Résumer l’intrigue foisonnante de ce roman aux dimensions inhabituelles pour un premier jet (cinq cent vingt pages bien remplies, soit tout autre chose que les tarifs syndicaux en vigueur de ce côté-ci des Pyrénées) nécessiterait, pour y être à peu près fidèle, la confection d’une carte. Accoutumé sans doute par son métier (économiste dans l’industrie, il est versé dans la « planification financière ») aux réseaux de liens de causes à effets complexes et aux raisonnements à grande échelle, Eduardo Gallarza, trente ans tout juste, donne avec cet énorme Soviet des fainéants un mélange de polar et de roman d’espionnage, mâtiné par surcroît d’un peu d’aventures et d’une admirable érudition historique. C’est, assez curieusement d’ailleurs (même si l’on sait qu’il a vécu à Paris et consacré quelques heures à la lecture de grands noms de la littérature hexagonale), dans la France des années trente que l’espagnol a choisi de situer l’action de ce livre généreusement débordant ; l’occasion pour lui de peindre dans une fresque délibérément démesurée la géographie et la culture d’un pays qu’il affectionne manifestement beaucoup et les déchirures d’une époque qui semble le fasciner : celle des bruits de botte, des feuilles fascisantes et de la lente propagation de la peste brune, sinistre promesse des années noires à venir.

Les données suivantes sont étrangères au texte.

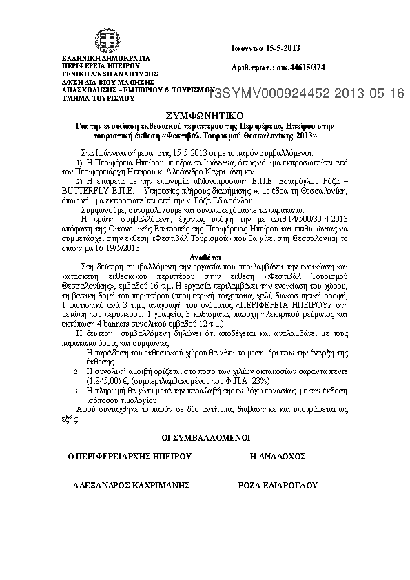 8. ΣΥΜΦΩΝΗΤΙΚΟ ΓΙΑ ΤΗΝ ΕΝΟΙΚΙΑΣΗ ΕΚΘΕΣΙΑΚΟΥ ΠΕΡΙΠΤΕΡΟΥ ΣΤΟ ΦΕΣΤΙΒΑΛ ΤΟΥΡΙΣΜΟΥ ΘΕΣΣΑΛΟΝΙΚΗ

Une ombre pacifiste et intimidante rôde pourtant au dessus de ces cinq cents pages haletantes, sans jamais cependant y apparaître directement : celle de Nicolas Tesla (1856-1943), authentique scientifique d’origine serbe auquel l’humanité doit, tout de même, l’invention du courant alternatif et l’idée d’installer une centrale électrique sous les chutes du Niagara (laquelle alimente d’ailleurs toujours New York de nos jours). Dans ces années trente au cours desquels les nuages noirs s’accumulent au dessus de la planète, Gallarza imagine un Tesla utopiste, caressant le doux projet de mettre la science à profit pour rendre les guerres impossibles. Las : la rumeur lui parvient que quelque part en France, un mauvais génie s’emploie à oeuvrer dans le sens inverse en concevant dans la clandestinité une redoutable arme de destruction massive ; fort préoccupé, il dépêche sur place son fidèle disciple, Henri Fèvre, dont on suivra les tribulations parisiennes et marseillaises tout au long de ce roman redoutablement touffu, subtilement nourri d’une documentation jamais envahissante et volontiers relevé d’une pointe d’humour. Gallarza, avec la fougue et l’enthousiasme de la jeunesse, nous mène des lambris des ministères aux patelins les plus reculés du Sud de la France, nous fait rencontrer des poètes et des comédiens russes, passe de la politique-fiction à la réflexion scientifique et de l’aventure à l’exégèse littéraire (on lira avec intérêt les passages consacrés au roman policier) sans nous laisser souffler un instant. On s’y perd parfois, tant sont nombreux les personnages et incessants les faits, indices, événements et retournements ; il n’est pour autant pas désagréable de se laisser emporter par les flots généreux de cette fresque pleine de talent et de courir derrière ce brillant espagnol dont le moins que l’on puisse dire est qu’il devrait faire parler de lui à l’avenir.